2021-01-19T08:45:07.284208+0000 mgr.iz-ceph-v1-mon-03.ncnoal (mgr.20125479) 322 : cephadm [INF] It is presumed safe to stop ['mgr.iz-ceph-v1-mon-01.elswai']
2021-01-19T08:45:07.284314+0000 mgr.iz-ceph-v1-mon-03.ncnoal (mgr.20125479) 323 : cephadm [INF] Upgrade: It is presumed safe to stop ['mgr.iz-ceph-v1-mon-01.elswai']
2021-01-19T08:45:07.284388+0000 mgr.iz-ceph-v1-mon-03.ncnoal (mgr.20125479) 324 : cephadm [INF] Upgrade: Redeploying mgr.iz-ceph-v1-mon-01.elswai
2021-01-19T08:45:07.310192+0000 mgr.iz-ceph-v1-mon-03.ncnoal (mgr.20125479) 325 : cephadm [INF] Deploying daemon mgr.iz-ceph-v1-mon-01.elswai on iz-ceph-v1-mon-01
2021-01-19T08:45:27.812855+0000 mgr.iz-ceph-v1-mon-03.ncnoal (mgr.20125479) 336 : cephadm [INF] Upgrade: Target is docker.io/ceph/ceph:v15.2.8 with id 5553b0cb212ca2aa220d33ba39d9c602c8412ce6c5fe
bc57ef9cdc9c5844b185
2021-01-19T08:45:27.815176+0000 mgr.iz-ceph-v1-mon-03.ncnoal (mgr.20125479) 337 : cephadm [INF] Upgrade: Checking mgr daemons...

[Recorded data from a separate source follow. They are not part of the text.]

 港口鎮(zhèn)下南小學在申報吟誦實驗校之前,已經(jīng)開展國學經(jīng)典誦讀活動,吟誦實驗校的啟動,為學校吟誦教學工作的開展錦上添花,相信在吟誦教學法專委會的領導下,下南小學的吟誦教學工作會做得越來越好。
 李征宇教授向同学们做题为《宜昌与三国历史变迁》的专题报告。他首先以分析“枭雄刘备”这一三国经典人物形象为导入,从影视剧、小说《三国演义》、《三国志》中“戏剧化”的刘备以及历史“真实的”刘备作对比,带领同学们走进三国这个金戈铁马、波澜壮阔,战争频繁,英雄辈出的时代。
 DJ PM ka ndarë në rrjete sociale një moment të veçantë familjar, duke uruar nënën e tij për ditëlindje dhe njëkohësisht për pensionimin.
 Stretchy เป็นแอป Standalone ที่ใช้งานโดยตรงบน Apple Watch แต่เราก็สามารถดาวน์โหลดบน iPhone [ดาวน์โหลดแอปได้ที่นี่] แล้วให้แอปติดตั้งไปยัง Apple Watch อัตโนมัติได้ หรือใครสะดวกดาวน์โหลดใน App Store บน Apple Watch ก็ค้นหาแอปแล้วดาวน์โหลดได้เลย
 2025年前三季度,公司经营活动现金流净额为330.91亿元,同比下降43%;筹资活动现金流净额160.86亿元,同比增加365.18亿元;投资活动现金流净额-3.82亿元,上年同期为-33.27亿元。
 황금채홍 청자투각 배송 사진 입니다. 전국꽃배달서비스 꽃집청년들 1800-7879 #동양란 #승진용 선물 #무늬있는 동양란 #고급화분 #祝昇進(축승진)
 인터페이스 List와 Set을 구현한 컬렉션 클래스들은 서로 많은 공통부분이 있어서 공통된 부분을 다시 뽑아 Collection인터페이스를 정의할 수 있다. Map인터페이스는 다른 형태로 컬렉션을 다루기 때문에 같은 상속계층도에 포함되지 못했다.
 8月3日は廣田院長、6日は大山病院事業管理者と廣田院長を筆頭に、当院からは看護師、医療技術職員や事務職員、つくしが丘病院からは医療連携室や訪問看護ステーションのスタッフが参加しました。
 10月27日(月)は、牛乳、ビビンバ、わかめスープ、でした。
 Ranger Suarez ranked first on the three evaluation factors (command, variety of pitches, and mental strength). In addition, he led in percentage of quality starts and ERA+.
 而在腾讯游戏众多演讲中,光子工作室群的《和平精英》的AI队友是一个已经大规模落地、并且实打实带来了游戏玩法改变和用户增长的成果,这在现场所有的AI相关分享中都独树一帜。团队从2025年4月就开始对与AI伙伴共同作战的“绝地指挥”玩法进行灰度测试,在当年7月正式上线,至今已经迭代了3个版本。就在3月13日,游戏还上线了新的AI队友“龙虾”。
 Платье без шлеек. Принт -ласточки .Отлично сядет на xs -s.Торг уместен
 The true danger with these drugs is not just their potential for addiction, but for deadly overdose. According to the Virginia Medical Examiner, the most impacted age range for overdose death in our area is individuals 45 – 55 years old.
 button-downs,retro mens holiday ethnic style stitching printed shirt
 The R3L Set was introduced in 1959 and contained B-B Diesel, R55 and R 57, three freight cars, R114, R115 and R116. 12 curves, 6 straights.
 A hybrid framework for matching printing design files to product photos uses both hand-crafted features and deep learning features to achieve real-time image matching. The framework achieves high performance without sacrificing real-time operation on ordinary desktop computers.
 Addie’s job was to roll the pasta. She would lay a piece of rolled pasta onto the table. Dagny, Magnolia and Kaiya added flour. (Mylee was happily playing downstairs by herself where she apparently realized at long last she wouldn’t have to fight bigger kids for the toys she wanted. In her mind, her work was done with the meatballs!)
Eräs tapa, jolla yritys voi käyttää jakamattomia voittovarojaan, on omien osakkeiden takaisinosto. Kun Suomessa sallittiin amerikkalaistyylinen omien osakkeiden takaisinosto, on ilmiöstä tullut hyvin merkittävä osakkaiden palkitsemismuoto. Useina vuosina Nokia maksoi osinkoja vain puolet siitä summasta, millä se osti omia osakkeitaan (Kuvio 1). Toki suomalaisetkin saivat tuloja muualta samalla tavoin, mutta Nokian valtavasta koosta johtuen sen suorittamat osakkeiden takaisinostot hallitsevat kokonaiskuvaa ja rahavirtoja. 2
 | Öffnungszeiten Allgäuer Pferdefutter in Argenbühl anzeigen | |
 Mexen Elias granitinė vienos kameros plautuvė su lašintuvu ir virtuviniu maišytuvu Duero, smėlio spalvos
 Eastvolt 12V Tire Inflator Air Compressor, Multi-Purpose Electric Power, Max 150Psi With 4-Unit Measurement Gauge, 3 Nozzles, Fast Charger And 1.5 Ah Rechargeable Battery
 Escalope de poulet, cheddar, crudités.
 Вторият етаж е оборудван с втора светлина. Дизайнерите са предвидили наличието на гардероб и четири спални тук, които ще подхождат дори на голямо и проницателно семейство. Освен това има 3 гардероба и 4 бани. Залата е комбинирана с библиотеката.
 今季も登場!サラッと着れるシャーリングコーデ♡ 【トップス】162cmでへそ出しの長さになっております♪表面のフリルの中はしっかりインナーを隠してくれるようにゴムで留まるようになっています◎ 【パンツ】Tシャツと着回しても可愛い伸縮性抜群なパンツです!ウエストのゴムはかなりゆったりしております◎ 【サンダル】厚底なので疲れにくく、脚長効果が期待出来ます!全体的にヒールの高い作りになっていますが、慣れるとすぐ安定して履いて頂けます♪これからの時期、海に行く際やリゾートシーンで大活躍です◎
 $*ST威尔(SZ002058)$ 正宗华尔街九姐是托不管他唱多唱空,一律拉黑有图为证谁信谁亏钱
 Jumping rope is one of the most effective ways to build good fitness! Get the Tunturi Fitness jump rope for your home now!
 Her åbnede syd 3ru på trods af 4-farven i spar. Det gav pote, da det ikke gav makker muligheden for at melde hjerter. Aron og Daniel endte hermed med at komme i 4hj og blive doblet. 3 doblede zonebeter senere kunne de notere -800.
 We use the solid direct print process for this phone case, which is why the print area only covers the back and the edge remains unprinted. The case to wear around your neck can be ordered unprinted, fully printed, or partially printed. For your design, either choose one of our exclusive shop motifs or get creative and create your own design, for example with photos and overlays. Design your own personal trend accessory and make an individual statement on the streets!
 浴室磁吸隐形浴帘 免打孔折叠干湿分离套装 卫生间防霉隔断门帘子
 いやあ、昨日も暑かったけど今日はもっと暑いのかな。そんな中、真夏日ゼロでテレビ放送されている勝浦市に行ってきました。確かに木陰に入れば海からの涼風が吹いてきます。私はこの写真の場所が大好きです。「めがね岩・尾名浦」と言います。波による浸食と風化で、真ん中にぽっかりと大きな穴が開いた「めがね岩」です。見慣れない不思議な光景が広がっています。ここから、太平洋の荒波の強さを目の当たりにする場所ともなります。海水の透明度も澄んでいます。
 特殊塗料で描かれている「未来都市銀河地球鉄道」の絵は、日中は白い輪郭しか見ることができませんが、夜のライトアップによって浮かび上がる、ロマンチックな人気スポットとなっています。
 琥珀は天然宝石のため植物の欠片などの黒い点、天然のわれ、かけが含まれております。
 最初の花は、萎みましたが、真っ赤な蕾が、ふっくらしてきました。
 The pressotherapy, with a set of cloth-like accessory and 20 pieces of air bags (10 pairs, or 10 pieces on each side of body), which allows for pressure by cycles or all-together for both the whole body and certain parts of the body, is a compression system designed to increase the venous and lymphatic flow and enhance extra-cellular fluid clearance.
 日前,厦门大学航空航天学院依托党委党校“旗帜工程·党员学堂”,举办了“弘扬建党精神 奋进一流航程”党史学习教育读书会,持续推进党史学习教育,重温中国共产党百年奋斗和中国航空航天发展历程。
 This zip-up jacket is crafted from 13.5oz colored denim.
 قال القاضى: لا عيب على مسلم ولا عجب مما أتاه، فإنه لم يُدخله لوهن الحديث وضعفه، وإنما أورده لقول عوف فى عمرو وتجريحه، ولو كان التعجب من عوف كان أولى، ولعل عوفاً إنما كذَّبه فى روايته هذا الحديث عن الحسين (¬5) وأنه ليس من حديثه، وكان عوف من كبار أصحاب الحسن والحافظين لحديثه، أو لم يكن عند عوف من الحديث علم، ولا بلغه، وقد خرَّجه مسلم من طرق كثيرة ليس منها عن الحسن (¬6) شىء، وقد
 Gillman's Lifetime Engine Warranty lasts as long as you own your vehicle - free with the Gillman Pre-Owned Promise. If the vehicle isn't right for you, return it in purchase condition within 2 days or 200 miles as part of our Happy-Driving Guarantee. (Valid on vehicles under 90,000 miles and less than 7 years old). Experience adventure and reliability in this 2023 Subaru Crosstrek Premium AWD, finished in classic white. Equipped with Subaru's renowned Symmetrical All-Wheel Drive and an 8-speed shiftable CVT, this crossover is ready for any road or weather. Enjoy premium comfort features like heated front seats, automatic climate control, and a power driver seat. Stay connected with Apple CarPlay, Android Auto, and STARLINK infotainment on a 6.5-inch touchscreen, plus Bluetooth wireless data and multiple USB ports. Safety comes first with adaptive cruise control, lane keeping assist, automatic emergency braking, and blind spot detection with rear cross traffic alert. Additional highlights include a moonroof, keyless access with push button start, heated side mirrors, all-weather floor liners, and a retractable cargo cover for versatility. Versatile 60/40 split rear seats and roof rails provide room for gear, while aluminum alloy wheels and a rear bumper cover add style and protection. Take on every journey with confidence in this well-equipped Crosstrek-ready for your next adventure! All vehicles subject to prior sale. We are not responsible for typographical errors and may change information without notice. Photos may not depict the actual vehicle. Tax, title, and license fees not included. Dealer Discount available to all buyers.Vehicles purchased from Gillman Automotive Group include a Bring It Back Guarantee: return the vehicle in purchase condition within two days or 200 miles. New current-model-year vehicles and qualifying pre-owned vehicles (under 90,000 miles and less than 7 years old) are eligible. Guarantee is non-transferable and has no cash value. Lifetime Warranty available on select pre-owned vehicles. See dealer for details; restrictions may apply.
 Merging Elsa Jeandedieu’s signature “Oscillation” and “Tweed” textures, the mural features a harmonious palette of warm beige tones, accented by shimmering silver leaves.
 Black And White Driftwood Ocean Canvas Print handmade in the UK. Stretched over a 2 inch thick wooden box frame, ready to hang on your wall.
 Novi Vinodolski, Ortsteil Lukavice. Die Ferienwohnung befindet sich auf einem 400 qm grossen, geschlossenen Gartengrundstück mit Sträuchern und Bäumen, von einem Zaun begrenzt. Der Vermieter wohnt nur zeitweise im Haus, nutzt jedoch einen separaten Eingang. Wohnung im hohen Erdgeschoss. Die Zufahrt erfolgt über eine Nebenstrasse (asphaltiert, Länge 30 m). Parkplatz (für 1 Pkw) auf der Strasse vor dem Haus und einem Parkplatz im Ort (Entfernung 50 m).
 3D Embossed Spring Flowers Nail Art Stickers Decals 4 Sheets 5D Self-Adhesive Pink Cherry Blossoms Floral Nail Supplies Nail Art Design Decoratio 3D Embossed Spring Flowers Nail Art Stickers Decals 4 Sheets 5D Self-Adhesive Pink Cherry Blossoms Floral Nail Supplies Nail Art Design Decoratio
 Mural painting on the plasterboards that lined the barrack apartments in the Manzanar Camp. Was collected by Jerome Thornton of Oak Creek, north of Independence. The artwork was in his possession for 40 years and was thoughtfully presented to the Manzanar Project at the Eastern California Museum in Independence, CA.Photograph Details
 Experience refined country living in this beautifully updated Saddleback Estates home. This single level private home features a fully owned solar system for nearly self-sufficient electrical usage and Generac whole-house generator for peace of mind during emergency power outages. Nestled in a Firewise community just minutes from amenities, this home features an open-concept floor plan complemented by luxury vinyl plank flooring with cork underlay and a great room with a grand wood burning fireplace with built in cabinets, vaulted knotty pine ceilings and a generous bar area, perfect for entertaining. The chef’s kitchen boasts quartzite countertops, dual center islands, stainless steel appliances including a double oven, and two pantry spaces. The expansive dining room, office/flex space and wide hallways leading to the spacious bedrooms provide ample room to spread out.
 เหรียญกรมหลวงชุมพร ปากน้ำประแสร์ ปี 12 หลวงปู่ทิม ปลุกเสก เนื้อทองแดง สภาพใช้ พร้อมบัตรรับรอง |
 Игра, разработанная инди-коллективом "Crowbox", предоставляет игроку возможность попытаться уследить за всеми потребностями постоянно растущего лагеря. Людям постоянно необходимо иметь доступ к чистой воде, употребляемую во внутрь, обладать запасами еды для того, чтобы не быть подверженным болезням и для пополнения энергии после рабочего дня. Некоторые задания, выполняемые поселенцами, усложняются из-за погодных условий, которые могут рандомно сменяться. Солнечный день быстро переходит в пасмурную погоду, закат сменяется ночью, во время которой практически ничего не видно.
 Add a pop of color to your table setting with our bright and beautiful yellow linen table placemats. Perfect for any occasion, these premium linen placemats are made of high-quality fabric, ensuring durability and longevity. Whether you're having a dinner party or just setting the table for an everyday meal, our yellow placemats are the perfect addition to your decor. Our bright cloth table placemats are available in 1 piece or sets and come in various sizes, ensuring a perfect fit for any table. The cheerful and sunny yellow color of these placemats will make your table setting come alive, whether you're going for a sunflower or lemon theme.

2021-01-19T08:45:31.563173+0000 mgr.iz-ceph-v1-mon-03.ncnoal (mgr.20125479) 340 : cephadm [INF] It is presumed safe to stop ['mgr.iz-ceph-v1-mon-02.foqmfa']
2021-01-19T08:45:31.563262+0000 mgr.iz-ceph-v1-mon-03.ncnoal (mgr.20125479) 341 : cephadm [INF] Upgrade: It is presumed safe to stop ['mgr.iz-ceph-v1-mon-02.foqmfa']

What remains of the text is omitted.